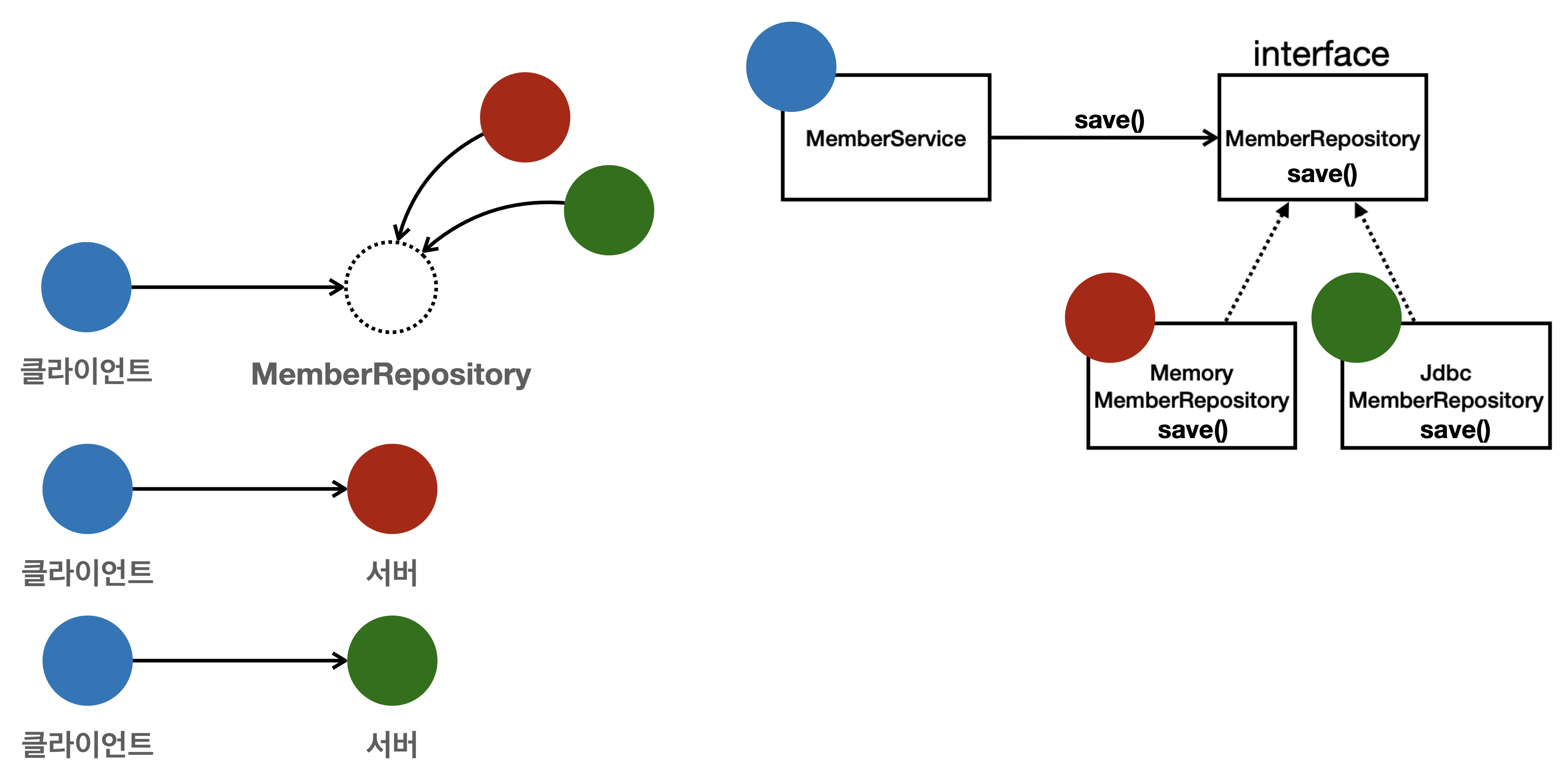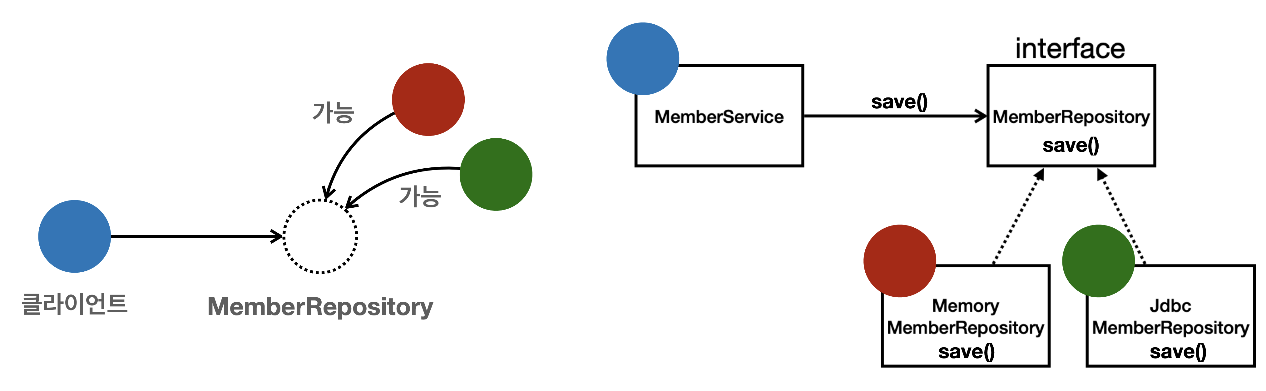 - 구현 = 인터페이스를 구현한 클래스, 구현 객체
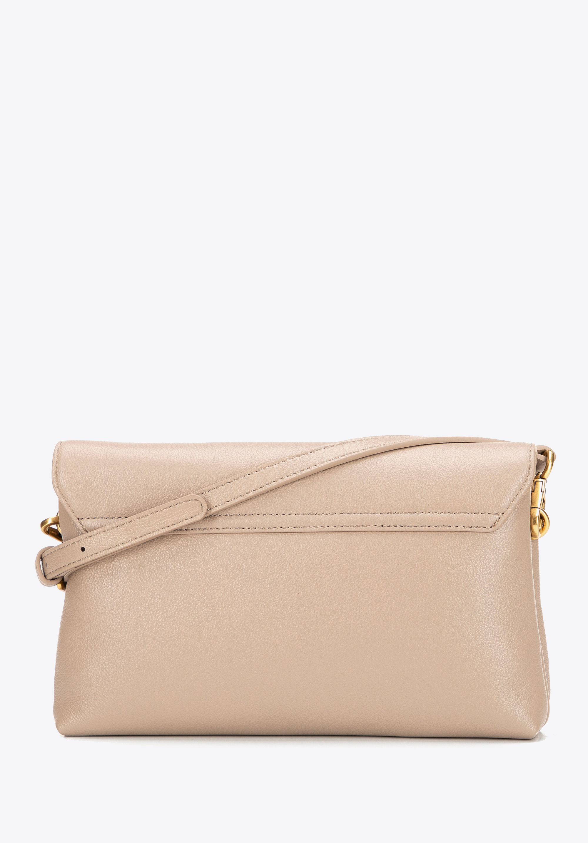 Елегантна сумка через плече , виготовлена з високоякісної натуральної шкіри , що поєднує функціональність з позачасовим стилем. Її компактний розмір робить її ідеальною для перенесення предметів першої необхідності, не перевантажуючи ваш образ. Передня частина оздоблена тонким написом бренду та характерною центральною строчкою , що підкреслює її вишуканий дизайн. Клапан із магнітною застібкою забезпечує швидкий та безпечний доступ до внутрішньої частини.
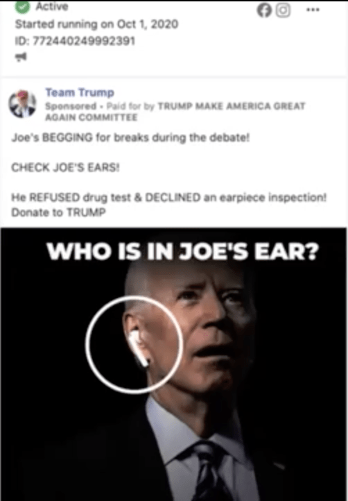 En este, usuarios y páginas de comités a favor de Trump publicaron y compartieron en Facebook una imagen en la que Joe Biden tenía un auricular en su oído durante el debate presidencial, lo cual es falso.
= = = =
§ TASK OBJECTIVE
Copy the listing above word for word. Do not include the pictures.

§ ANSWER SPACE
 - 구현 = 인터페이스를 구현한 클래스, 구현 객체
 Елегантна сумка через плече , виготовлена з високоякісної натуральної шкіри , що поєднує функціональність з позачасовим стилем. Її компактний розмір робить її ідеальною для перенесення предметів першої необхідності, не перевантажуючи ваш образ. Передня частина оздоблена тонким написом бренду та характерною центральною строчкою , що підкреслює її вишуканий дизайн. Клапан із магнітною застібкою забезпечує швидкий та безпечний доступ до внутрішньої частини.
 En este, usuarios y páginas de comités a favor de Trump publicaron y compartieron en Facebook una imagen en la que Joe Biden tenía un auricular en su oído durante el debate presidencial, lo cual es falso.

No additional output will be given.